Zosia Chustecka

June 06, 2007

June 6, 2007 (Chicago) — Shark cartilage, marketed as an "alternative medicine" for use in cancer, was shown to have no effect in a large phase 3 study sponsored by the National Cancer Institute (NCI). The supplement was added to treatment with chemoradiation in patients with non–small-cell lung cancer (NSCLC) and was shown to have no effect on survival when compared with placebo.

The study was reported here at the American Society of Clinical Oncology (ASCO) 43rd Annual Meeting by Charles Lu, MD, from the University of Texas MD Anderson Cancer Center, in Houston. "These results definitely demonstrate that this shark-cartilage extract is not effective," he said, and "they do not support the routine use of these products as anticancer therapies."

Shark cartilage has been a controversial product and has been very popular among cancer patients, but this study shows that "it provides no benefit at all," commented Bruce Cheson, MD, from the Lombardi Comprehensive Cancer Center and Georgetown University Hospital, in Washington, DC. "We have needed studies like this, rigorous and carefully controlled trials to provide us with scientific evidence about the supplements our patients are taking," he commented while moderating an ASCO press briefing at which the study was highlighted.

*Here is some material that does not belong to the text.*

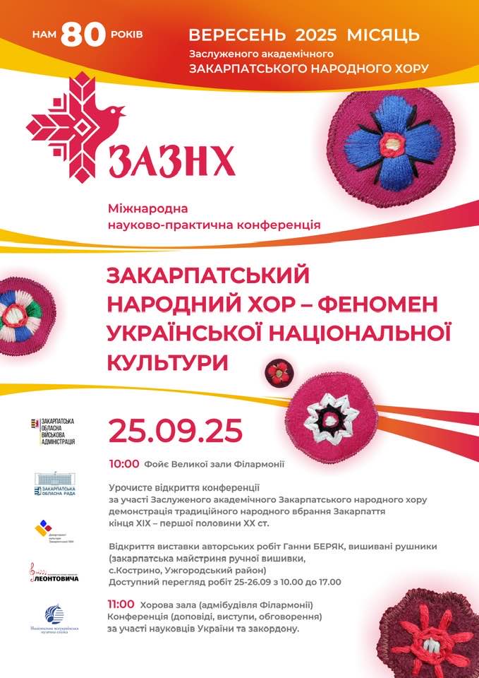У четвер, 25 вересня, саме в день створення колективу, о 10:00 у фоє Закарпатської обласної філармонії розпочне роботу Міжнародна науково-практична конференція «Закарпатський народний хор – феномен української національної культури». Під час відкриття цього непересічного заходу хор виконає кілька пісень в обробці Миколи Попенка, а артисти балету візьмуть участь у демонстрації традиційного народного вбрання Закарпаття кінця ХІХ-першої половини ХХ ст. Одночасно там розміститься виставка вишиваних рушників майстрині Ганни Беряк з с.Кострино Ужгородського району.

This study arose from a US congressional mandate to the NCI in the late 1990s, when the growing popularity of shark-cartilage extract for use in cancer was seen as a public health issue, Dr. Lu explained to Medscape. It was designed as a definitive trial to show whether or not the product works, he added. The theory behind its use in cancer rests on the fact that cartilage is an avascular tissue, and so it may contain inhibitors of angiogenesis that could be useful in stopping tumor growth, he explained. There is also the intriguing fact that the incidence of cancer is very rare in sharks.

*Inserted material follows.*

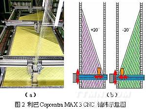 利巴公司的Copcentra MAX 3 CNC型機(jī)器的所有功能均為電腦控制;織針機(jī)件以外的所有運(yùn)動(dòng)均由伺服電機(jī)驅(qū)動(dòng);織物的各種變化,尤其是鋪層角度的調(diào)整,均由中央電腦控制。在鋪緯方式方面,兩公司的機(jī)器略有不同。利巴機(jī)器的鋪緯是由鋪緯滑軌運(yùn)動(dòng)、傳輸鏈運(yùn)動(dòng)、鋪緯小車運(yùn)動(dòng)三者的合成,如圖2所示,只需改變?nèi)叩乃俣染湍鼙容^方便地改變鋪緯角度。而卡爾邁耶機(jī)器是通過(guò)傳輸鏈運(yùn)動(dòng)和鋪緯小車運(yùn)動(dòng)的合成來(lái)形成所需的角度,在角度變換時(shí)還需對(duì)導(dǎo)軌進(jìn)行機(jī)械操作,比較費(fèi)時(shí)。此外,利巴機(jī)器每一紗層的運(yùn)動(dòng)完全可以通過(guò)程序設(shè)計(jì)在-20°到+20°之間變化,這與卡爾邁耶的-45°到+45°相比有所改進(jìn),機(jī)器的標(biāo)準(zhǔn)傳送架可以生產(chǎn)兩個(gè)45°襯緯和一個(gè)90°襯緯,也可按需要進(jìn)行長(zhǎng)度延伸,延伸后的傳送架最多可襯入7層襯緯紗,1層襯經(jīng)紗,1層纖維網(wǎng)。同時(shí),利巴機(jī)器還采用了其獨(dú)特的移動(dòng)復(fù)合針系統(tǒng)(圖3),使得復(fù)合針除了在垂直上下運(yùn)動(dòng)外,還在水平方向(即織物喂入方向)運(yùn)動(dòng),從而減少了編織過(guò)程中織針的負(fù)荷;減少了織針與紗線的摩擦;減少了穿刺造成孔洞的可能性,在很大程度上提高了織物的生產(chǎn)效率,改善了織物的質(zhì)量。據(jù)報(bào)道,利巴公司已成功推出了用于碳纖維生產(chǎn)的Copcentra MAX 5 CNC Carbon機(jī)型。由于碳纖維在織造過(guò)程中易產(chǎn)生具有導(dǎo)電性的碳粉,會(huì)導(dǎo)致機(jī)器及生產(chǎn)環(huán)境中的帶電設(shè)備爆炸等危險(xiǎn)情況發(fā)生,因此該類多軸向經(jīng)編機(jī)帶有特殊的密封裝置,其造價(jià)達(dá)到2800多萬(wàn)人民幣,是普通多軸向經(jīng)編機(jī)的三倍。在生產(chǎn)過(guò)程中,碳纖維增強(qiáng)紗線的鋪緯角度可以在-45°、90°、+45°、0°等角度之間變化,鋪緯層數(shù)和原料規(guī)格也可以自由選擇,織物品種較豐富。

The product used in this trial was AE-941 (Neovastat), which was donated by the manufacturer, Aeterna Zenartis. This product is unusual in that it was never sold over the counter, unlike other shark-cartilage supplements. It was being developed by Aeterna Zenartis as a pharmaceutical for use in cancer, but the company announced recently that this project has been dropped. The company has several other pharmaceuticals in its pipeline for use in cancer, which it featured at a marketing booth in the exhibition hall, and early results on 2 products were featured in other presentations during the meeting.

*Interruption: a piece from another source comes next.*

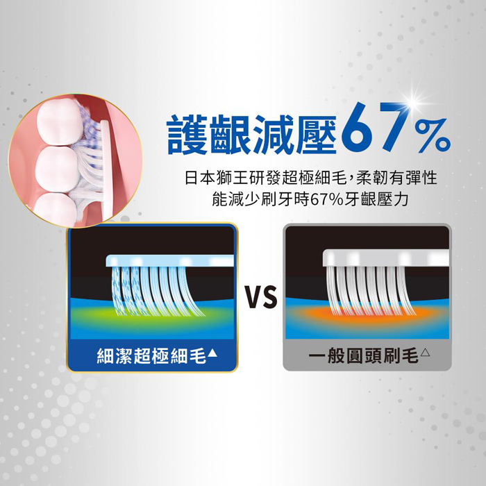 專利超極細毛,柔軟舒適,減少牙齦壓力,呵護牙齦。

The study was conducted in 384 patients with stage 3 NSCLC at 53 sites in the United States and Canada. Depending on the site, patients received either carboplatin and paclitaxel or cisplatin and vinorelbine, given both as induction chemotherapy and then concomitantly with radiation. In addition, patients were randomized to receive either placebo or liquid shark-cartilage extract, 120 mL orally twice daily.

After a median follow-up of 3.7 years, there was no significant difference in the overall survival between the 2 groups (15.6 months for placebo vs 14.4 months for shark cartilage; P = .73).

"Clearly, these results demonstrate that AE-941 is not an effective therapeutic agent for lung cancer," Dr. Lu concluded. "So, too, these findings have to cast major skepticism on shark-cartilage products that are being sold for profit and have no data to support their efficacy as cancer-fighting agents.

"We have absolutely no data showing improvements in survival, tumor shrinkage, and/or clinical benefits to patients," he added. "Now when patients ask their oncologists about shark cartilage, physicians can point to this large NCI-sponsored phase 3 trial and tell their patients that, at this point, the only studies that have been done with cartilage-derived products have been negative."


American Society of Clinical Oncology 43rd Annual Meeting: Abstract 7527. Presented June 2, 2007.